When you copy the entries, omit the images and keep every word as it is.

(DATA TO PROCESS begins)

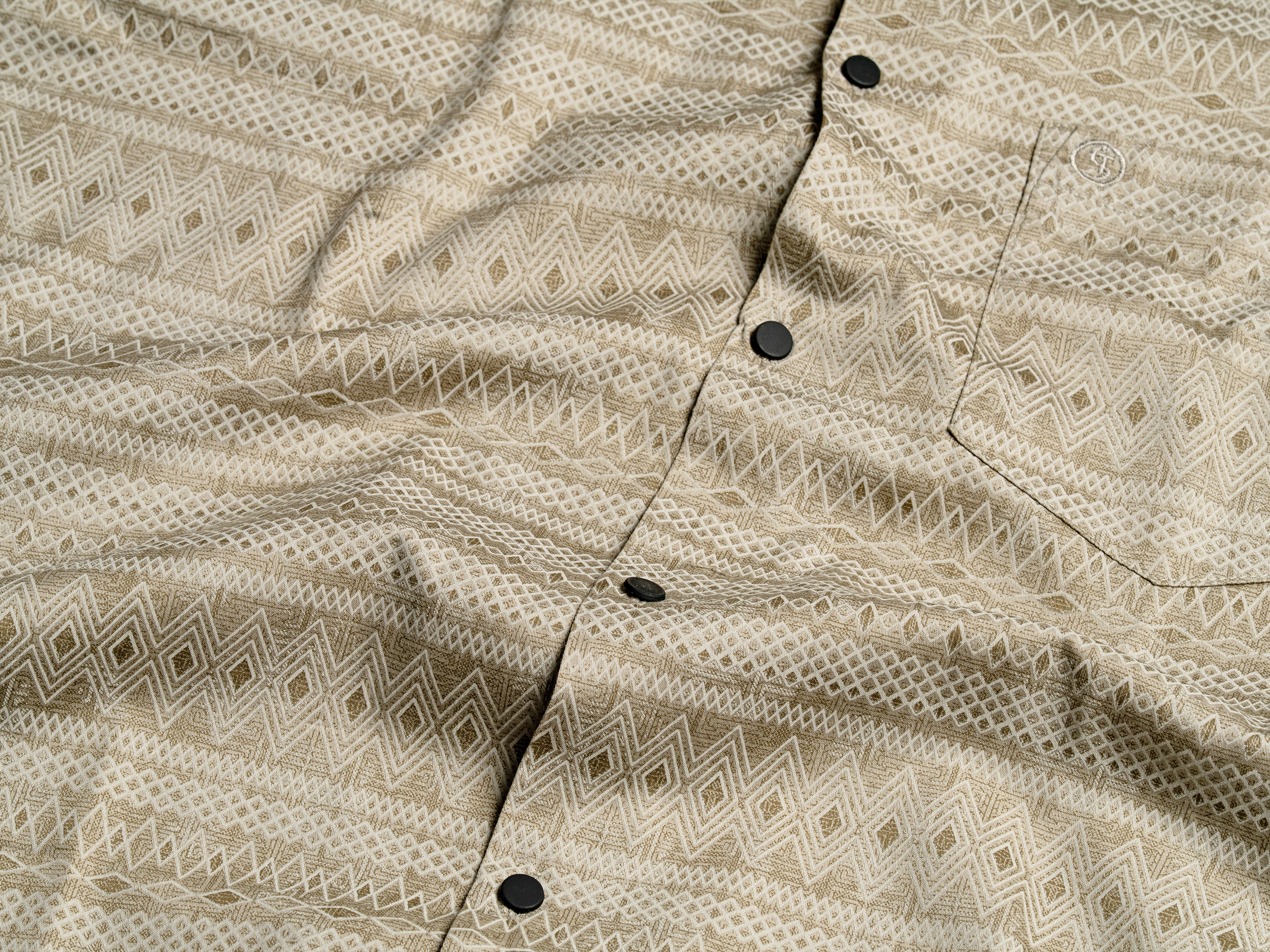 Stylish beige casual shirt featuring subtle geometric prints, crafted from breathable cotton for all-day comfort and effortless style.
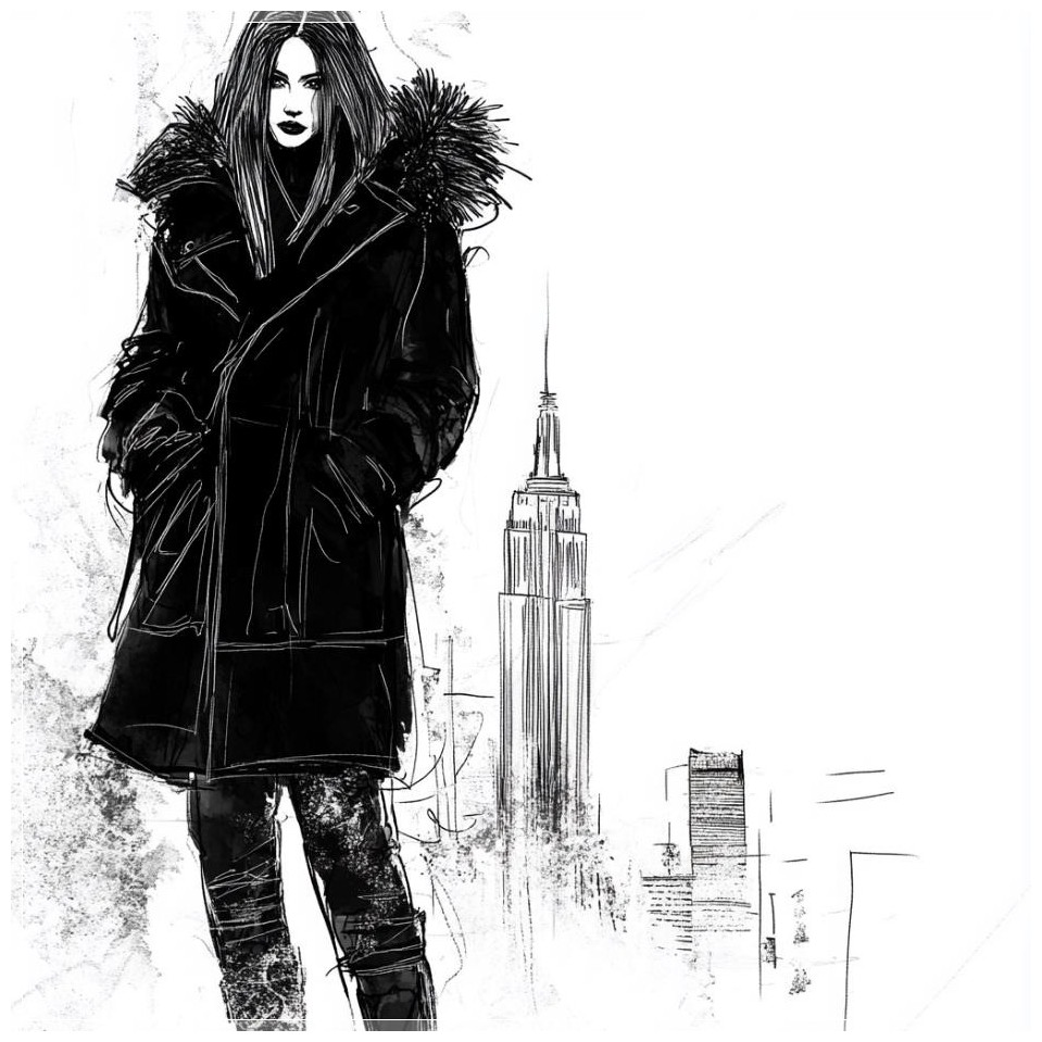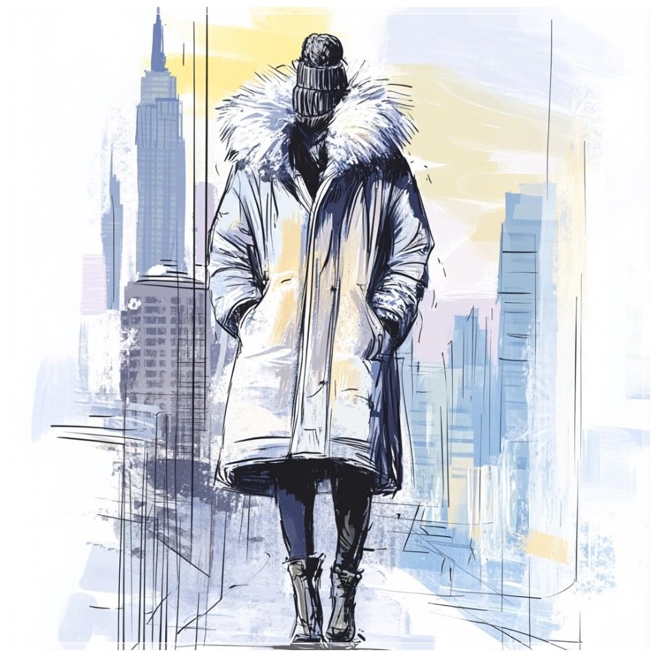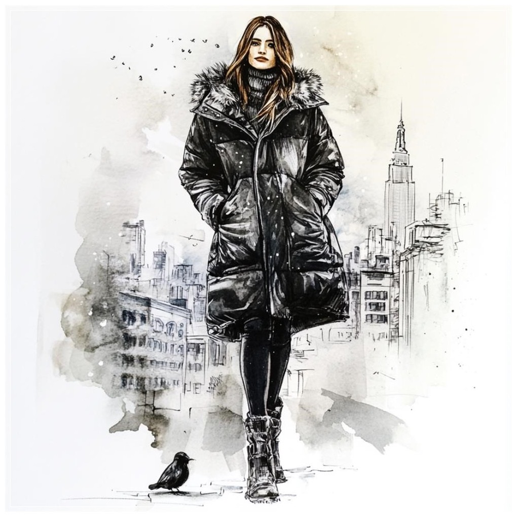 PROMPT: Fashion sketch, long down coat, New York City background --v 6.1 Ý Nghĩa: Phác thảo thời trang với áo khoác dài, nền là thành phố New York, thể hiện phong cách thanh lịch và hiện đại, tạo nên vẻ đẹp sang trọng và ấn tượng.
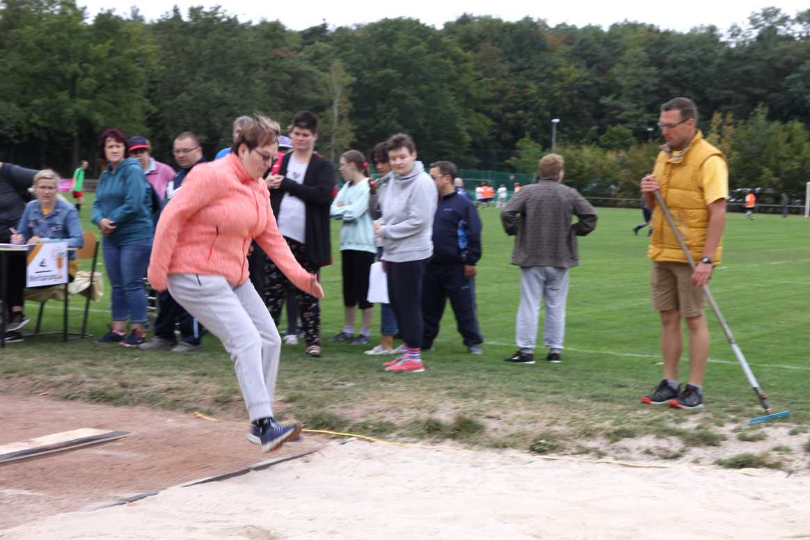 Bereits zum 23. Mal fand in diesem Jahr, am 05.09.2019, unser Sportfest statt. Ca. 450 Teilnehmer aus den Werkstätten Gallinchen, Cottbus, Guben, Weißwasser, Hoyerswerda, Herzberg, Wünsdorf, Berlin, Lübbenau, Würzburg, Spremberg, Forst, und Kolkwitz waren auch in diesem Jahr wieder interessiert und aktiv dabei. Wir starteten mit dem offiziellen Einmarsch, der Eröffnung und Erwärmung zur musikalischen Popgymnastik. Gut gelaunt und voller Power gaben alle ihr Bestes bei den Disziplinen Weitsprung, Wettlauf, Medizinballstoßen und Gummistiefelweitwurf. Auch die Angebote im Hufeisen werfen, Ballzielwurf sowie Hau den Lucas, sorgten für jede Menge Spaß und forderten zudem auch den Ehrgeiz einzelner Wettkämpfer zur Erreichung möglichst hohen Punktzahlen. Auch auf dem Rasen herrschte Fairness und Kampfesgeist zwischen den 10 Teams im Fußballturnier, denn jede Mannschaft verfolgte das Ziel, einen der ersten 3 Plätze zu belegen und mit einem Pokal nach Hause zu gehen. Wer nicht unbedingt auf dem Platz Sport treiben wollte, erfreute sich an den witzigen und spaßigen Einlagen des Alleinunterhalters und des Schlagersängers, die ihr Publikum mit Witz und Charme unterhielten. Die Siegerehrung nahm unser Vorstandsvorsitzender, Herr Hans-Werner Dobberstein, gemeinsam mit der Integrations- und Behindertenbeauftragten des Landkreises Spree-Neiße, Frau Annett Noack, vor. Wir bedanken uns an dieser Stelle bei allen Sponsoren, die mit zum Gelingen dieser sportlichen Veranstaltung beigetragen haben und ohne deren Unterstützung die Austragung dieser sportlichen Veranstaltung kaum möglich gewesen wäre.
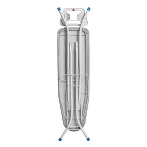 O tampo em chapa de aço expandida minimizada é leve e eficiente, contando com furos de 0,6 cm x 0,3 cm que permitem a passagem do vapor do ferro, prevenindo o acúmulo de umidade, mofos e bactérias. Suas dimensões generosas de 124 cm x 37 cm garantem espaço suficiente para manusear roupas maiores com facilidade.
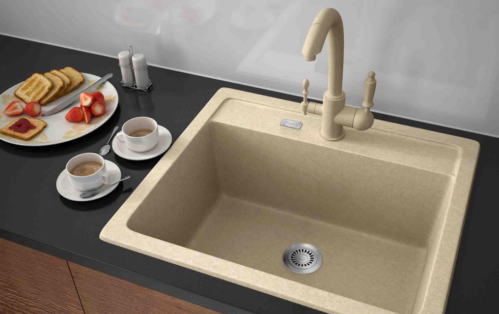 Изделия отлично вписываются в столешницы из искусственного и природного камня, их отличительные особенности:
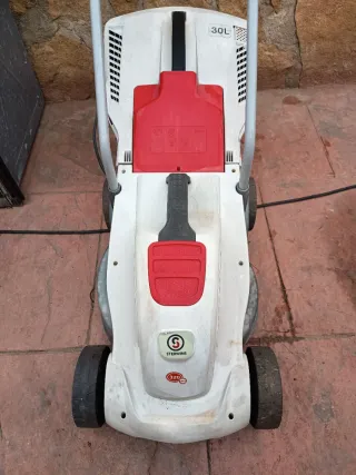 Cortacésped eléctrico Sterwins 320 EP 4. Funciona bien pero para céspedes pequeños, si tienes un césped muy grande se calientan y estos cortacéspedes al ser de plastico se les sale la correa y te toca desmontar y volver a montar (se arregla fácil pero es molesto) - Capacidad de 30L. - Asa plegable para un almacenamiento más cómodo.
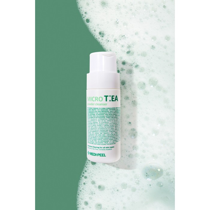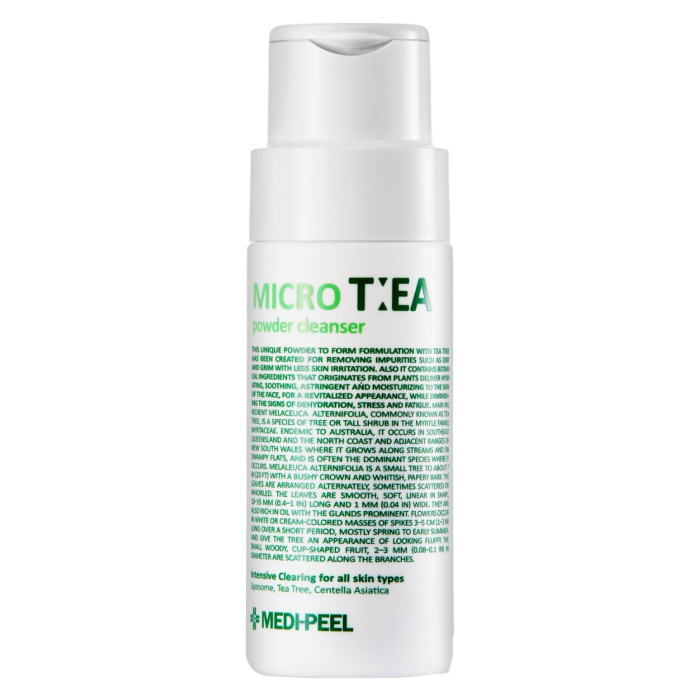 Глубокоочищающая энзимная пудра с чайным деревом Medi-Peel Micro Tea Powder Cleanser обеспечивает интенсивное очищение, не пересушивая кожу. Удаляет все виды загрязнений, пыль, излишки себума и стойкий макияж, растворяет сальные пробки, устраняет жирный блеск. Регулирует выработку кожного сала, сужает поры и выравнивает микрорельеф. Средство деликатно воздействует на поверхность кожи, эффективно очищает поры, осветляет темные точки и отшелушивает омертвевшие клетки. Препятствует появлению покраснений и раздражений, уменьшает очаги воспаления, успокаивает кожу, улучшает ее тон. Несмотря на активное очищающее действие не сушит кожу, поддерживает естественный гидролипидный баланс, увлажняет и не допускает обезвоженности. Энзимная пудра представляет собой мельчайший порошок, который при контакте с водой взбивается в пышную пену. Обладает слабо-кислым уровнем pH 5.5, 100% веганский продукт.
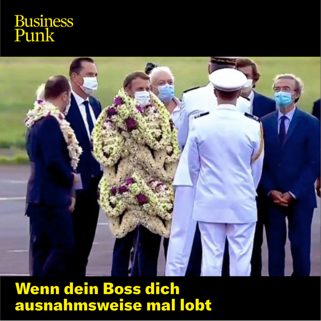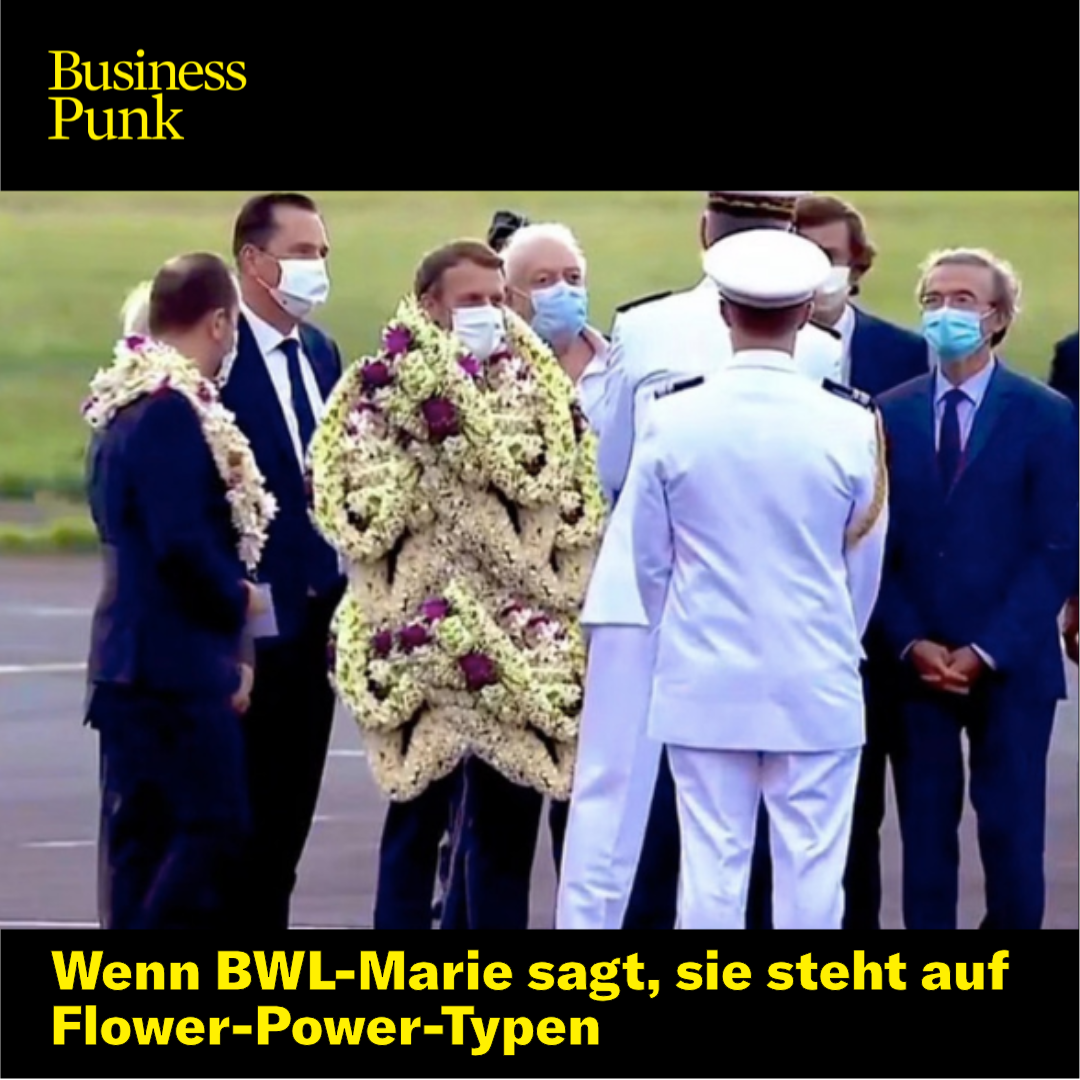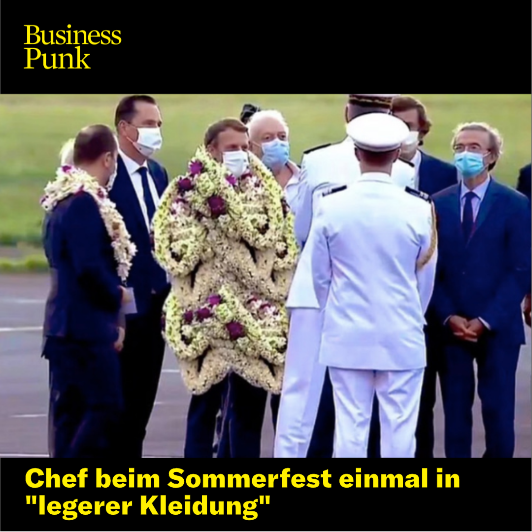 Aus den ursprünglichen Bildern von einem mit Blumen behängten Macron entwickelte sich nun ein virales Video. Darin ist Macron nicht nur mit ein paar Kränzen behangen, sein ganzes Outfit besteht quasi nur noch daraus. Und auch wenn die Bilder offensichtlich gefaked sind, bietet der Empfang die perfekte Vorlage für so einige Memes.
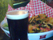Hillary paypalled me a donation to pick up a beer she called a "Belgian Waffle", kindof like a black and tan, but made with Blue Moon instead. I'd never heard of it before, but I like Guinness, and I like Blue Moon, so I figured the combination of the two would be allright. And it was. Glory be!

(DATA TO PROCESS ends)

→ **SOLUTION TO THIS TASK**:
 Stylish beige casual shirt featuring subtle geometric prints, crafted from breathable cotton for all-day comfort and effortless style.
 PROMPT: Fashion sketch, long down coat, New York City background --v 6.1 Ý Nghĩa: Phác thảo thời trang với áo khoác dài, nền là thành phố New York, thể hiện phong cách thanh lịch và hiện đại, tạo nên vẻ đẹp sang trọng và ấn tượng.
 Bereits zum 23. Mal fand in diesem Jahr, am 05.09.2019, unser Sportfest statt. Ca. 450 Teilnehmer aus den Werkstätten Gallinchen, Cottbus, Guben, Weißwasser, Hoyerswerda, Herzberg, Wünsdorf, Berlin, Lübbenau, Würzburg, Spremberg, Forst, und Kolkwitz waren auch in diesem Jahr wieder interessiert und aktiv dabei. Wir starteten mit dem offiziellen Einmarsch, der Eröffnung und Erwärmung zur musikalischen Popgymnastik. Gut gelaunt und voller Power gaben alle ihr Bestes bei den Disziplinen Weitsprung, Wettlauf, Medizinballstoßen und Gummistiefelweitwurf. Auch die Angebote im Hufeisen werfen, Ballzielwurf sowie Hau den Lucas, sorgten für jede Menge Spaß und forderten zudem auch den Ehrgeiz einzelner Wettkämpfer zur Erreichung möglichst hohen Punktzahlen. Auch auf dem Rasen herrschte Fairness und Kampfesgeist zwischen den 10 Teams im Fußballturnier, denn jede Mannschaft verfolgte das Ziel, einen der ersten 3 Plätze zu belegen und mit einem Pokal nach Hause zu gehen. Wer nicht unbedingt auf dem Platz Sport treiben wollte, erfreute sich an den witzigen und spaßigen Einlagen des Alleinunterhalters und des Schlagersängers, die ihr Publikum mit Witz und Charme unterhielten. Die Siegerehrung nahm unser Vorstandsvorsitzender, Herr Hans-Werner Dobberstein, gemeinsam mit der Integrations- und Behindertenbeauftragten des Landkreises Spree-Neiße, Frau Annett Noack, vor. Wir bedanken uns an dieser Stelle bei allen Sponsoren, die mit zum Gelingen dieser sportlichen Veranstaltung beigetragen haben und ohne deren Unterstützung die Austragung dieser sportlichen Veranstaltung kaum möglich gewesen wäre.
 O tampo em chapa de aço expandida minimizada é leve e eficiente, contando com furos de 0,6 cm x 0,3 cm que permitem a passagem do vapor do ferro, prevenindo o acúmulo de umidade, mofos e bactérias. Suas dimensões generosas de 124 cm x 37 cm garantem espaço suficiente para manusear roupas maiores com facilidade.
 Изделия отлично вписываются в столешницы из искусственного и природного камня, их отличительные особенности:
 Cortacésped eléctrico Sterwins 320 EP 4. Funciona bien pero para céspedes pequeños, si tienes un césped muy grande se calientan y estos cortacéspedes al ser de plastico se les sale la correa y te toca desmontar y volver a montar (se arregla fácil pero es molesto) - Capacidad de 30L. - Asa plegable para un almacenamiento más cómodo.
 Глубокоочищающая энзимная пудра с чайным деревом Medi-Peel Micro Tea Powder Cleanser обеспечивает интенсивное очищение, не пересушивая кожу. Удаляет все виды загрязнений, пыль, излишки себума и стойкий макияж, растворяет сальные пробки, устраняет жирный блеск. Регулирует выработку кожного сала, сужает поры и выравнивает микрорельеф. Средство деликатно воздействует на поверхность кожи, эффективно очищает поры, осветляет темные точки и отшелушивает омертвевшие клетки. Препятствует появлению покраснений и раздражений, уменьшает очаги воспаления, успокаивает кожу, улучшает ее тон. Несмотря на активное очищающее действие не сушит кожу, поддерживает естественный гидролипидный баланс, увлажняет и не допускает обезвоженности. Энзимная пудра представляет собой мельчайший порошок, который при контакте с водой взбивается в пышную пену. Обладает слабо-кислым уровнем pH 5.5, 100% веганский продукт.
 Aus den ursprünglichen Bildern von einem mit Blumen behängten Macron entwickelte sich nun ein virales Video. Darin ist Macron nicht nur mit ein paar Kränzen behangen, sein ganzes Outfit besteht quasi nur noch daraus. Und auch wenn die Bilder offensichtlich gefaked sind, bietet der Empfang die perfekte Vorlage für so einige Memes.
Hillary paypalled me a donation to pick up a beer she called a "Belgian Waffle", kindof like a black and tan, but made with Blue Moon instead. I'd never heard of it before, but I like Guinness, and I like Blue Moon, so I figured the combination of the two would be allright. And it was. Glory be!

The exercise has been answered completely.